● Problem details
All lines from the one that has "As for the environment, this" onward to the end of the records below are to be returned exactly; pictures are to be skipped.

● Supplied data
━━━
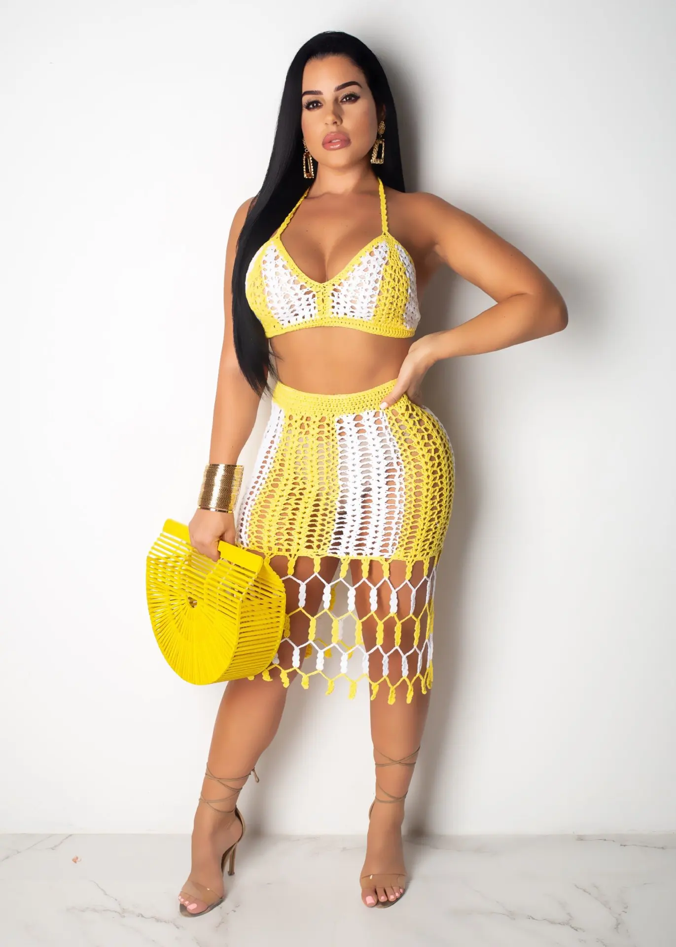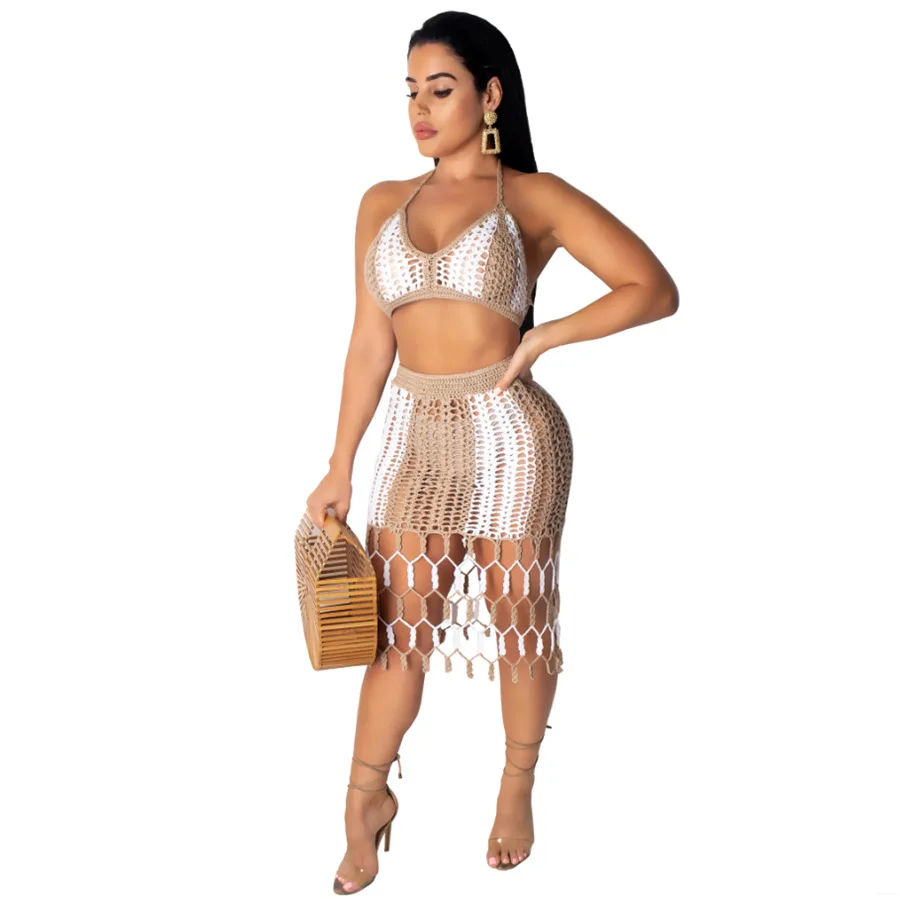 New Two-tone Stitching Hand-woven Bikini Top Mesh Short Skirt Suit Sexy Casual Beach Ladies AJ4072 Four
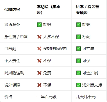 学幼险完全不覆盖,必买境外游学保险,含医疗运送、学业中断、行程延误等。
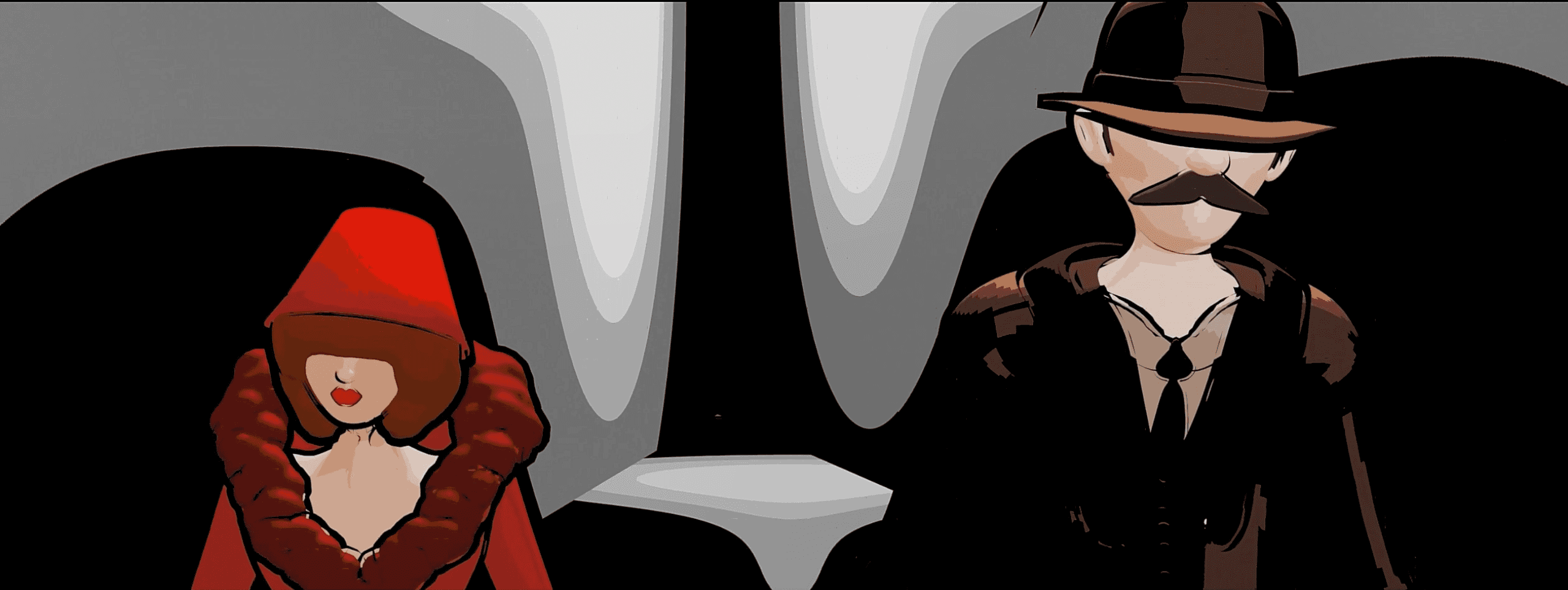 As for the environment, this short story is divided into 3 different settings. Firstly, there's the train station in which the action begins, which was carefully modeled to accurately represent Lisbon's Santa Apolónia station in the 1950's. One of the main elements of this environment is the train in which the characters get in. This train was also modeled to resemble “Foguete”, the 1953's train that traveled from Lisbon to Porto.
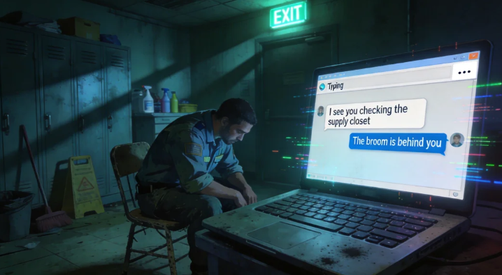 So if you ever find a link to ChatRoom 404, do yourself a favor: let the stain stay. Some messes aren’t meant for humans. And if your typing indicator ever starts bouncing on its own, well, say hi to MopMan for me. I’ll be the one scrubbing in the corner, forever on night shift, Wi-Fi signal full bars, heart buffering at 99%.
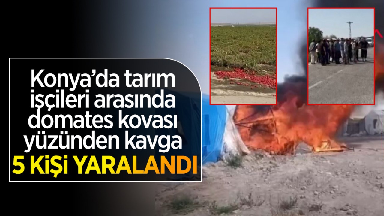 Konya'nın Ereğli ilçesinde tarım işçileri arasında domates kovası yüzünden çıkan kavga da 1'i ağır 5 kişi yaralandı. İşçilerden bazıları, karşı grubun kaldığı çadırları ateşe verdi.
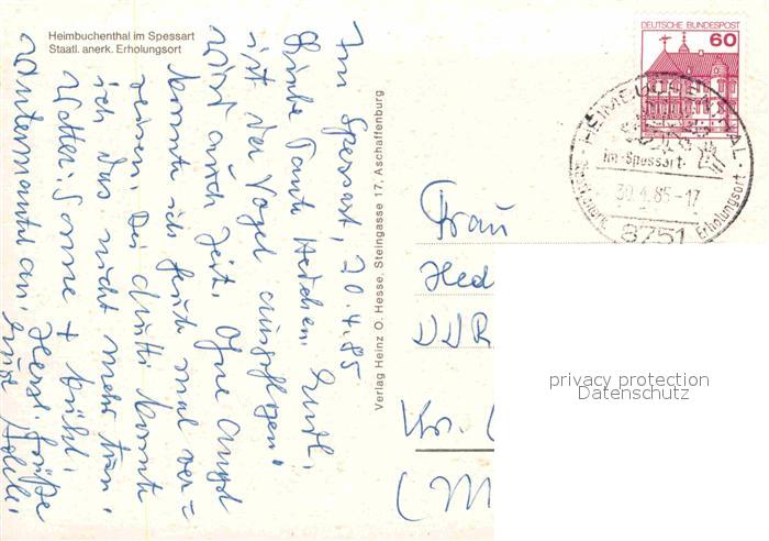 72891794 alte Postkarte Heimbuchenthal im Spessart postalisch gelaufen Erhaltung siehe scans [LiesaD40] KatCode: 11110009671127
━━━
● Response below
 As for the environment, this short story is divided into 3 different settings. Firstly, there's the train station in which the action begins, which was carefully modeled to accurately represent Lisbon's Santa Apolónia station in the 1950's. One of the main elements of this environment is the train in which the characters get in. This train was also modeled to resemble “Foguete”, the 1953's train that traveled from Lisbon to Porto.
 So if you ever find a link to ChatRoom 404, do yourself a favor: let the stain stay. Some messes aren’t meant for humans. And if your typing indicator ever starts bouncing on its own, well, say hi to MopMan for me. I’ll be the one scrubbing in the corner, forever on night shift, Wi-Fi signal full bars, heart buffering at 99%.
 Konya'nın Ereğli ilçesinde tarım işçileri arasında domates kovası yüzünden çıkan kavga da 1'i ağır 5 kişi yaralandı. İşçilerden bazıları, karşı grubun kaldığı çadırları ateşe verdi.
 72891794 alte Postkarte Heimbuchenthal im Spessart postalisch gelaufen Erhaltung siehe scans [LiesaD40] KatCode: 11110009671127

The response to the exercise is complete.